Armenia’s military defeat by Azerbaijan is not diminishing Yerevan’s determination to tackle widespread domestic corruption, an official has said. If anything, the war has reinforced the notion among reformers that promoting transparency is vital for ensuring Armenia’s future national security.
During a recent online panel, Haykuhi Harutyunyan, the chair of Armenia’s Commission on the Prevention of Corruption (CPC), said the fighting late last year – resulting in Azerbaijan’s reconquest of much of the territory in and around Nagorno-Karabakh that it lost to Armenia in the 1990s – underscored the importance of developing robust anti-corruption institutions. Left unsaid were concerns that widespread top-level corruption over the past two decades arguably hampered Armenia’s ability to maintain strategic parity with Azerbaijan and made the state less nimble when confronting strategic challenges.
Strengthening domestic watchdogs can “help guarantee that [Armenia’s] external relations are stronger and the country is secure,” Harutyunyan said during a February 11 public discussion at Columbia University.
The CPC started operating in late 2019. Among its top priorities is introducing a digital registry of financial declarations of public figures, government agencies, political parties and other relevant entities. The CPC will evaluate the declarations to ensure that assets were obtained in a legal and transparent manner. The agency will also be responsible for vetting governmental appointees and nominees, especially judges and prosecutors, for potential conflicts of interest that could influence their job performance. It will additionally mount public awareness campaigns to broaden support for clean government.
The agency has been working quietly since its inception to build out systems and bolster staff capacity, Harutyunyan said. Once fully operational, the CPC aims to serve as a “model for other state institutions.”
Global watchdogs give Armenia middling marks on containing corruption.
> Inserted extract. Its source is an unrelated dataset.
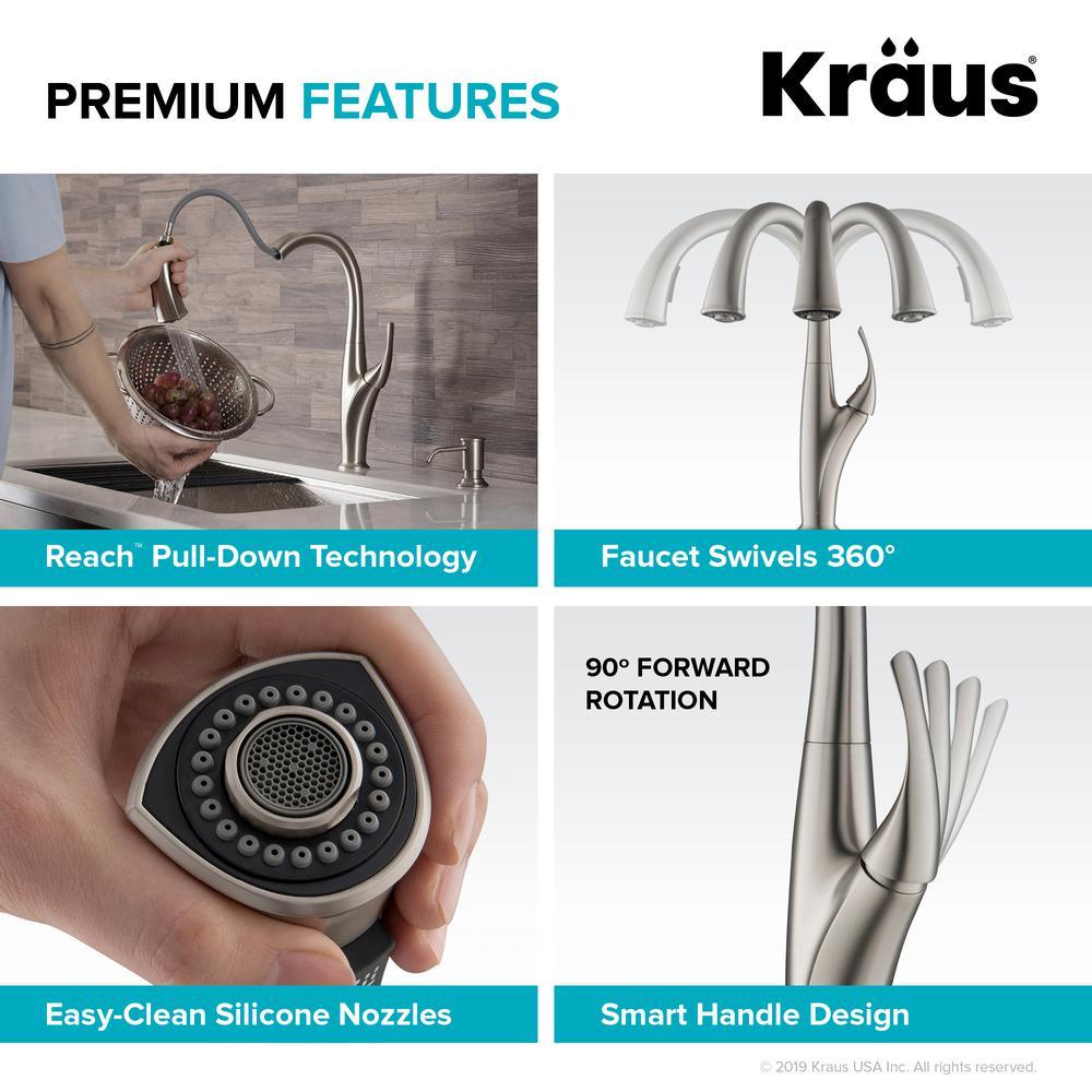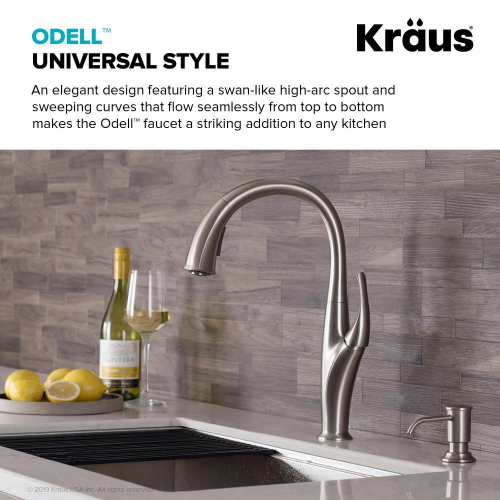 Sweeping curves and a swan-like high-arc spout make the Odell faucet a striking addition to any kitchen. The highly functional pull-down design features a dual-function sprayhead. The faucet comes with Reach technology for an extended range of motion.

Transparency International, for example, ranked Armenia 60th out of the 180 counties surveyed in its 2020 Corruption Perceptions Index – though that is a notable improvement over recent years. Freedom House, meanwhile, gave Armenia three points out of a possible seven in addressing corruption in its latest Nations in Transit report. While the government has expressed a desire to tackle corruption, it has so far addressed the issue “on a case-by-case basis” that is inefficient, Freedom House said.
The CPC aims to systematize the fight against graft, but its potential is constrained by a lack of prosecutorial authority: It can uncover instances of corruption but has no power to indict suspected offenders. A crucial test will be whether a prosecutorial mechanism and an anti-corruption court are established in 2021, as projected under the existing government blueprint.
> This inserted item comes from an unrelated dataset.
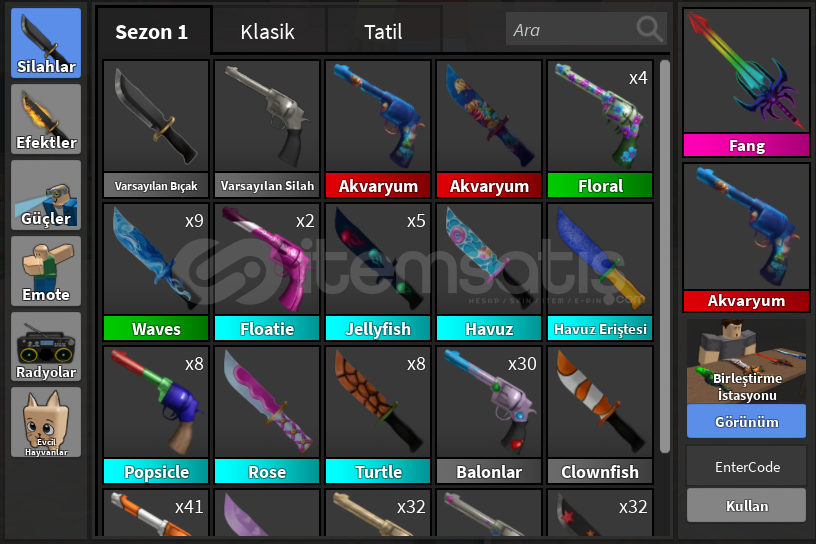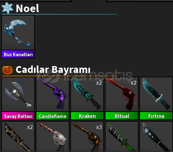 Murder Mystery 2 de Vampir radyo ve Chroma Fang - Icewing Aquarium seti(silah ve kılıç) ve BattleAxe bulunmaktadır. Bu itemlerden almak istediğiniz varsa direkt teklifinizi ileterek yazın aksi takdirde dönüş sağlanmaz.

The U.S. government is assisting the CPC in developing Armenia’s new anti-corruption framework. The departure of the old leadership and the rise of Prime Minister Nikol Pashinyan in 2018 infused anti-corruption efforts with a much higher level of political will, said Adam Stefan, the director of the Democracy and Governance Office for USAID in Armenia. He noted that a “key point” in building the new framework is “sustaining these gains beyond this government.”
“All stakeholders need to be invested […] and holding each other accountable,” he added.
Matthew Murray, the event moderator and co-chair of Columbia’s forum on Innovating Solutions to Systemic Corruption in Eurasia, said Armenia’s new anti-corruption framework, if fully implemented, could mark a “paradigm shift” in the regional effort to promote transparency and accountability.
“What’s now required is patience,” he said.